(GIVEN ENTRIES):
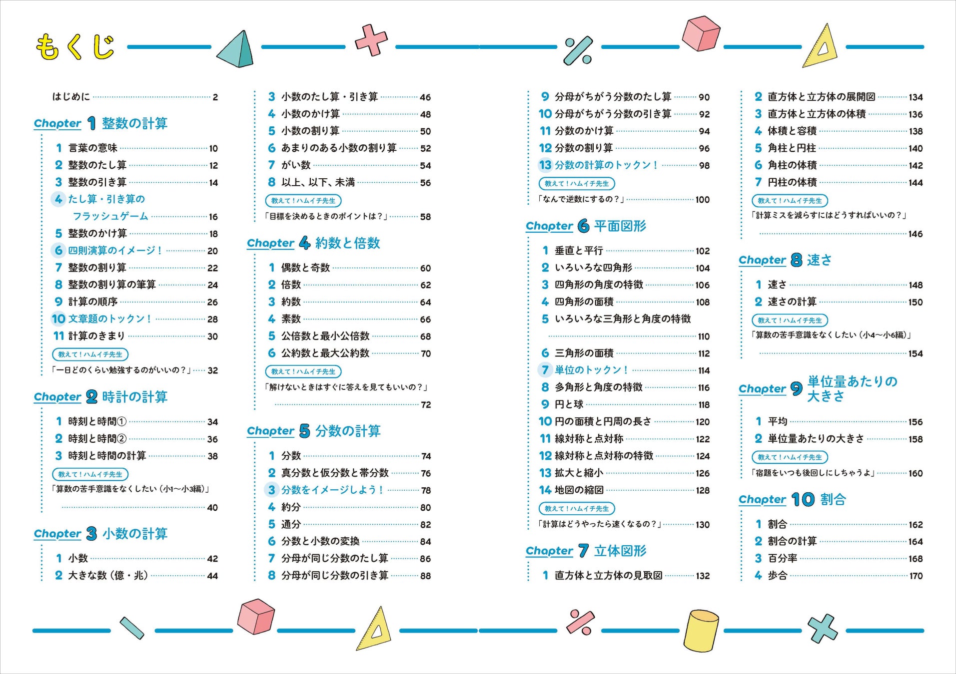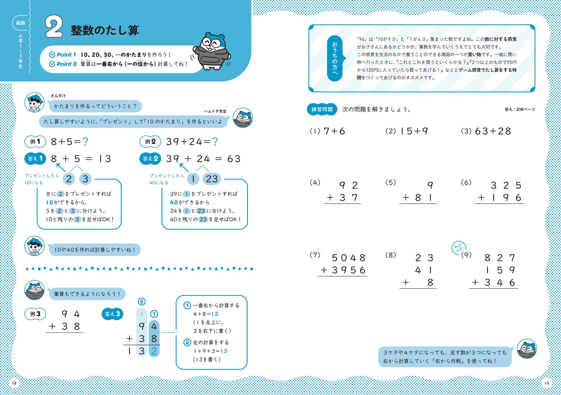苦手な子どもが多い「筆算のくり上がり・くり下がり」「時計」「割合」「速さ」「並べ方・組み合わせ」など、著者ならではの「解き方のコツ」が満載です。
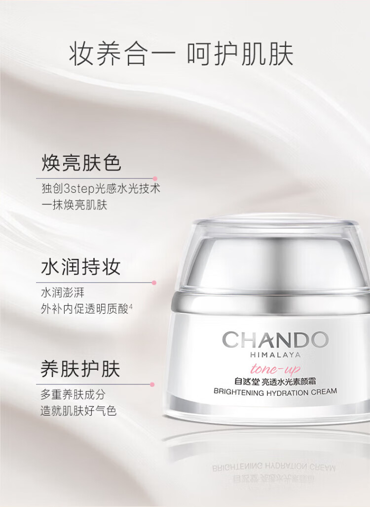 自然堂亮透水光素颜霜50g光感裸妆元气焕亮均匀亮肤
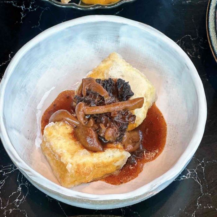 《トリュフとモリーユ茸の煮込み豆腐》
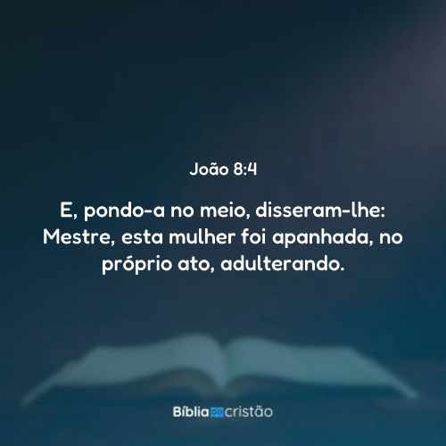4 E, pondo-a no meio, disseram-lhe: Mestre, esta mulher foi apanhada, no próprio ato, adulterando.
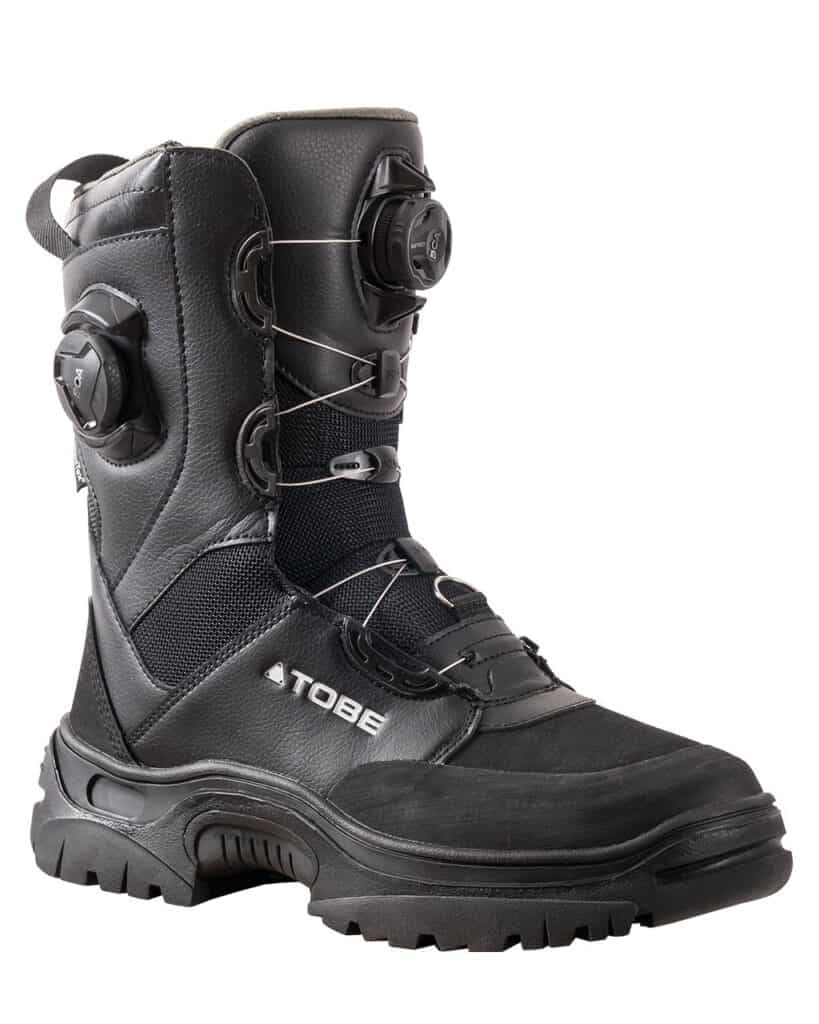 Rejäla kängor är ett måste för en inbiten skoteråkare och från Tobe kikar vi närmare på deras Cordus Boot som är en lite smidigare skoterkänga. Tunnare framdel tillåter att man kan använda dessa även när man kör snowbike och behöver växla. Det är även en fördel på skoter då det minskar risken för att fastna i en fotholk och vrida benet vid en olycka. Boas kraftigaste snörningssystem med vajrar är utformat för att passformen skall vara på topp. Slitstarka sulor, välisolerade och vattentäta ska dessa kängor vara

(TASK STATEMENT): Your answer must be the exact lines of the records from the first one through the line containing "4 E, pondo-a", with no pictures in it.

(TASK SOLUTION):
苦手な子どもが多い「筆算のくり上がり・くり下がり」「時計」「割合」「速さ」「並べ方・組み合わせ」など、著者ならではの「解き方のコツ」が満載です。
 自然堂亮透水光素颜霜50g光感裸妆元气焕亮均匀亮肤
 《トリュフとモリーユ茸の煮込み豆腐》
4 E, pondo-a no meio, disseram-lhe: Mestre, esta mulher foi apanhada, no próprio ato, adulterando.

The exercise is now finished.